Gramian-based controllability tests provide an energy-aware alternative to the Kalman rank test. The finite-horizon Gramian is positive definite exactly when the LTI system is controllable, and its eigenstructure quantifies the energetic difficulty of reaching state-space directions. For Hurwitz continuous-time systems, the infinite-horizon Gramian is obtained from a Lyapunov equation; for Schur stable discrete-time systems, it is obtained from a Stein equation. In computation, the smallest eigenvalue and condition number of the Gramian are often more informative than a binary rank declaration.

17. References

  1. Kalman, R.E. (1960). Contributions to the theory of optimal control. Boletin de la Sociedad Matematica Mexicana, 5, 102–119.
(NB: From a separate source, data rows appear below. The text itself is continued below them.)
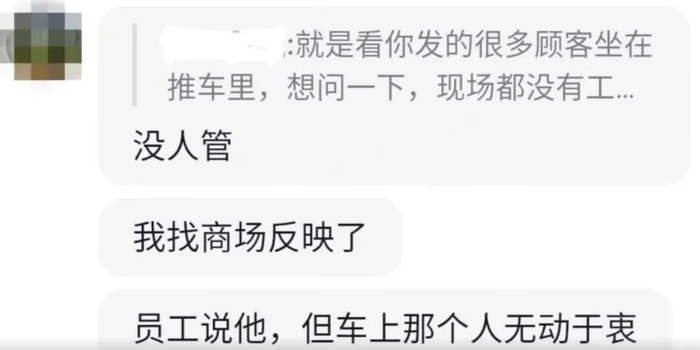 孟苏悠:换个思路感觉可以出个推人的车,如果只是说禁止,感觉对她们没法劝解,还影响别人的感受,两方都会不舒服,而且这种车的承重也是个问题,万一坏了,让人受伤了还得赔钱,所以不如出个推人的车,对商场来说一举多得。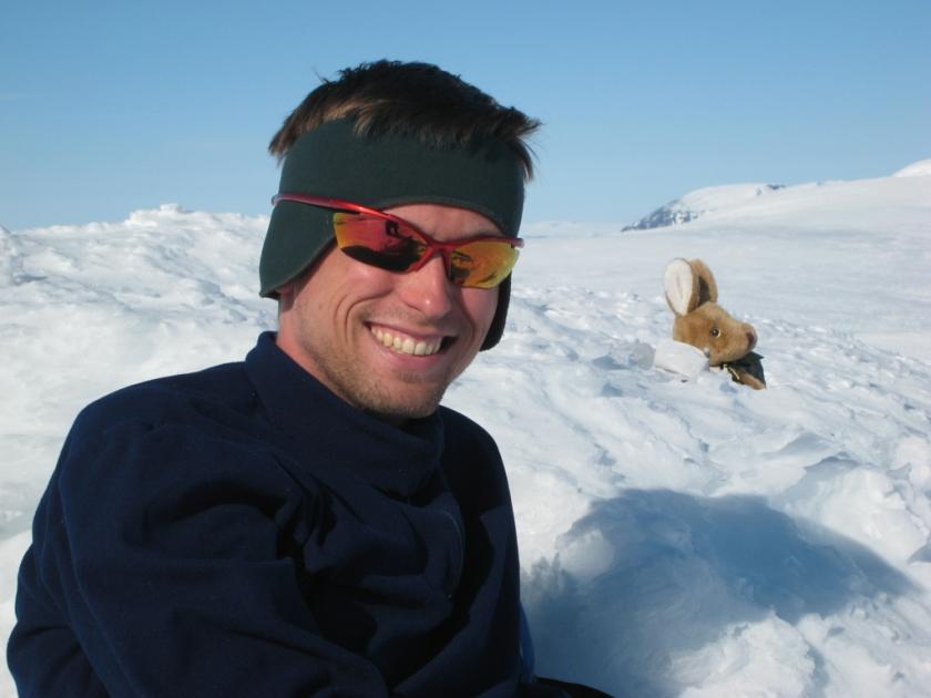Fannaraaken byl jen náš. Počasí opět zaskočilo. Modrá obloha, bezvětří. Potíme se jak koně. Překonat jedenáct set metrů převýšení nám trvá dobrých pět hodin. Nahoře nevěřícně zíráme na plyšového zajíčka, kterého někdo naschvál postavil na vrcholovou převěj, aby vítal vyřízené skialpinisty přitroublým úsměvem. Sjíždíme rozbředlým pomalým firnem, sluníčko sluní, johoho, to jsou pak večer spáleniny jedna báseň.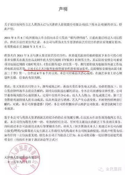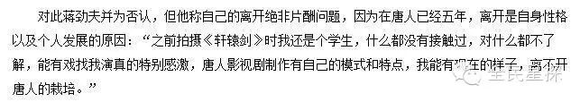 虽然蒋家父子不得不和唐人走到对簿公堂的一步,但一个月前,蒋劲夫受访时透露仍对唐人心存感激,“回忆是美好的,我有现在离不开唐人的栽培”,同时,他也强调,“离开绝不仅仅为了片酬”。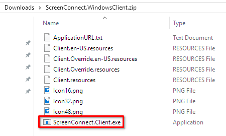 - Click ScreenConnect.WindowsClient.zip to open the ZIP file. You'll see a few files in the ZIP file. Double-click the file named ScreenConnect.Client.exe: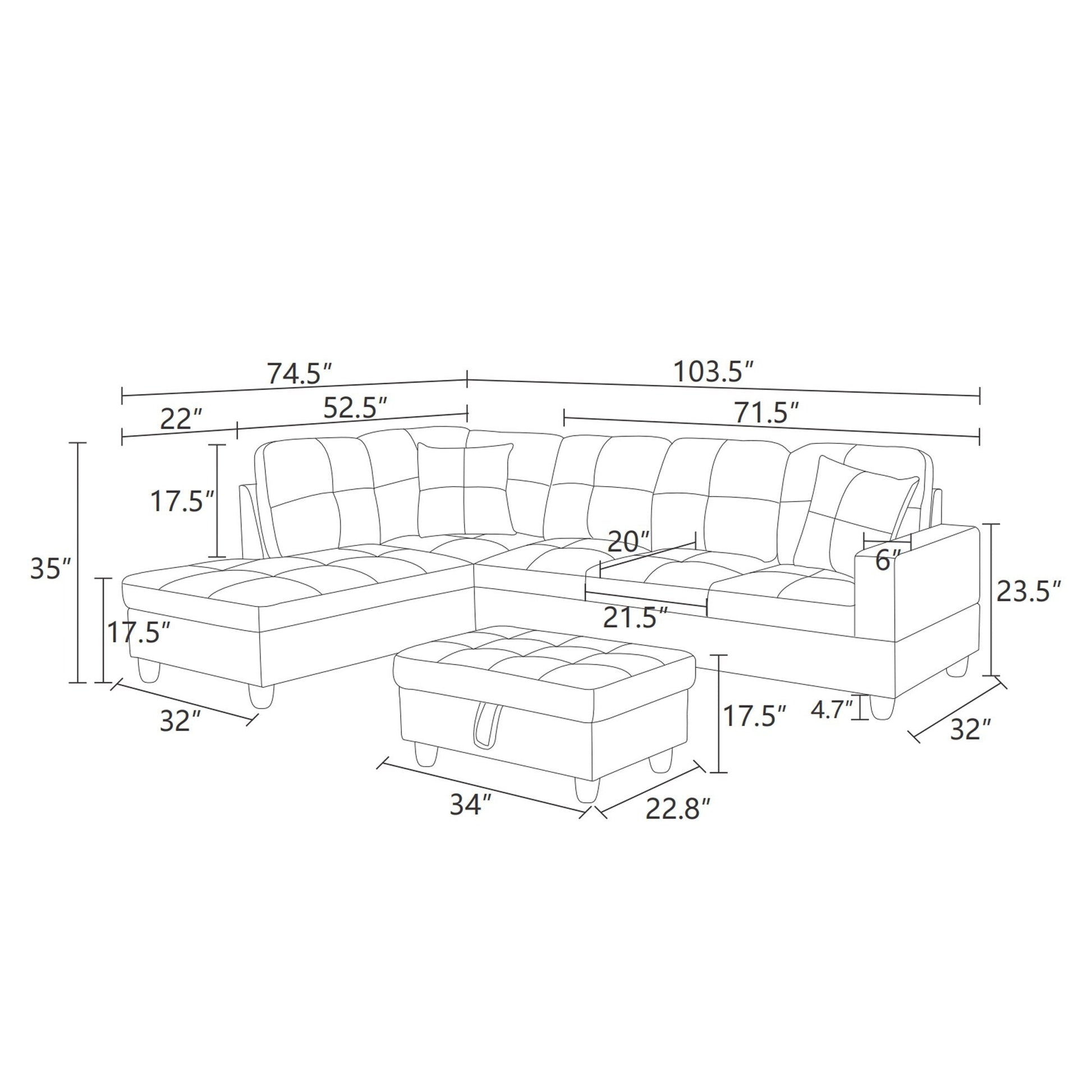 2. Sièges spacieux et confortables : la conception en L à 4 places offre suffisamment d'espace pour la famille et les invités, avec un rembourrage en mousse épaisse pour un confort supérieur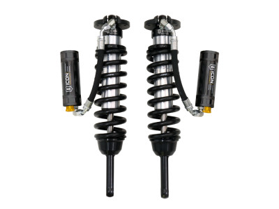 ICON Vehicle Dynamics V.S. 2.5 Series remote reservoir front coilover shocks are an incredible upgrade for the front end of the 2005-2023 Toyota Tacoma. These adjustable coilovers allow up to 0-3.5†of lift height adjustability on 2005-2015 models or 0-2.75†of lift height adjustability on 2016-2023 models, allowing the use of larger, more aggressive wheel and tire combinations. ICON’s Vehicle-specific shock length and valving along with the larger 2.5†shock body and increased piston area over stock components yield the maximum travel possible along with superior ride quality and suspension performance both on- and off-road. Remote reservoirs greatly increase shock oil volume and heat dissipation surface area to resist overheating and cavitation under hard use, which can lead to damper fade. When paired with ICON 2.0 or 2.5 Aluminum Series rear shock absorbers vehicle control will be balanced front to rear, resulting in the best overall driving experience for your Toyota Tacoma.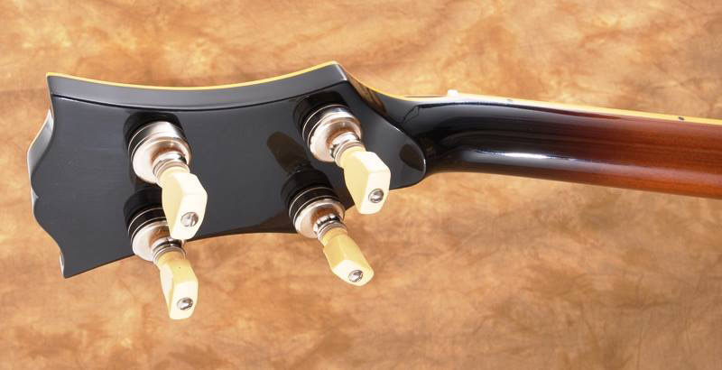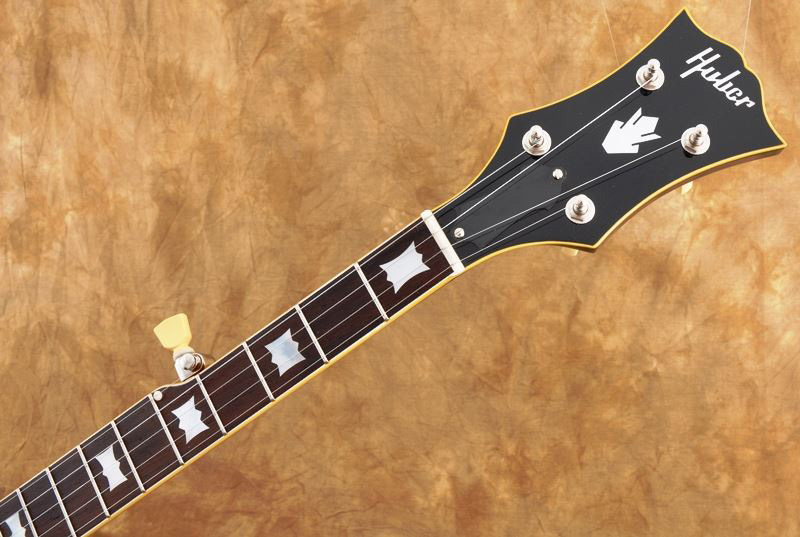 Otherwise, the banjo is pure Huber, employing their HR-30 tone ring and Engineered Rim in the pot assembly, with a period-correct blackburst on the mahogany neck and resonator. It even has the proper cream-colored tulip tuner buttons to complete the homage.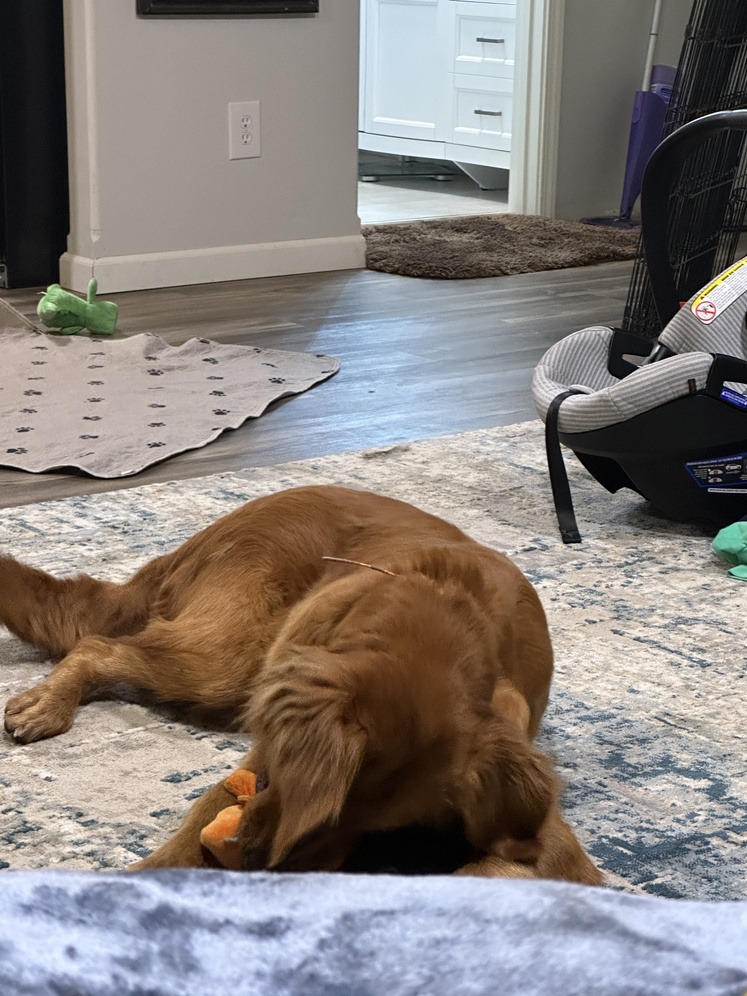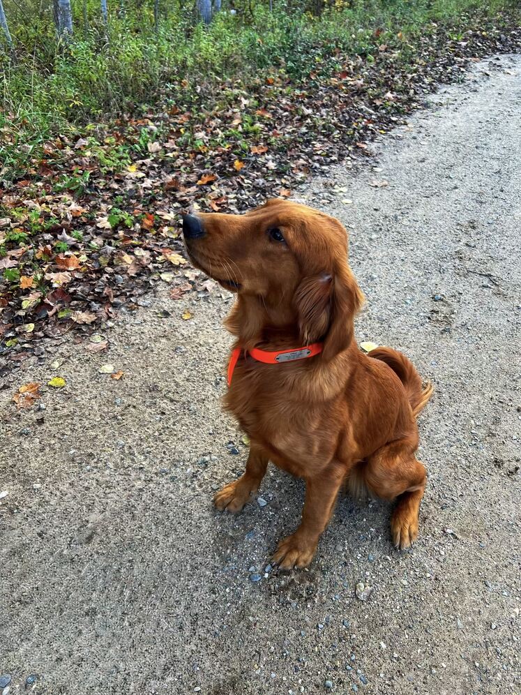 AKC Adult Red Golden Retriever. Willow is a 5 year old sweetheart. She was originally trained as a bird dog but was too layed back. She preferred to cuddle or play with her toys by a warm fire. She got her tail caught in the door last year and the vet had to make it just a stub. She now is a cuddle bug with no tail to get in the way.

  2. Kalman, R.E. (1963). Mathematical description of linear dynamical systems. Journal of the Society for Industrial and Applied Mathematics, Series A: Control, 1(2), 152–192.
  3. Ho, B.L., & Kalman, R.E. (1966). Effective construction of linear state-variable models from input/output functions. Regelungstechnik, 14, 545–548.
  4. Moore, B.C. (1981). Principal component analysis in linear systems: controllability, observability, and model reduction. IEEE Transactions on Automatic Control, 26(1), 17–32.
  5. Mullis, C.T., & Roberts, R.A. (1976). Synthesis of minimum roundoff noise fixed point digital filters. IEEE Transactions on Circuits and Systems, 23(9), 551–562.
  6. Laub, A.J., Heath, M.T., Paige, C.C., & Ward, R.C. (1987). Computation of system balancing transformations and other applications of simultaneous diagonalization algorithms. IEEE Transactions on Automatic Control, 32(2), 115–122.
  7. Paige, C.C. (1981). Properties of numerical algorithms related to computing controllability. IEEE Transactions on Automatic Control, 26(1), 130–138.
  8. Silverman, L.M., & Meadows, H.E. (1967). Controllability and observability in time-variable linear systems. SIAM Journal on Control, 5(1), 64–73.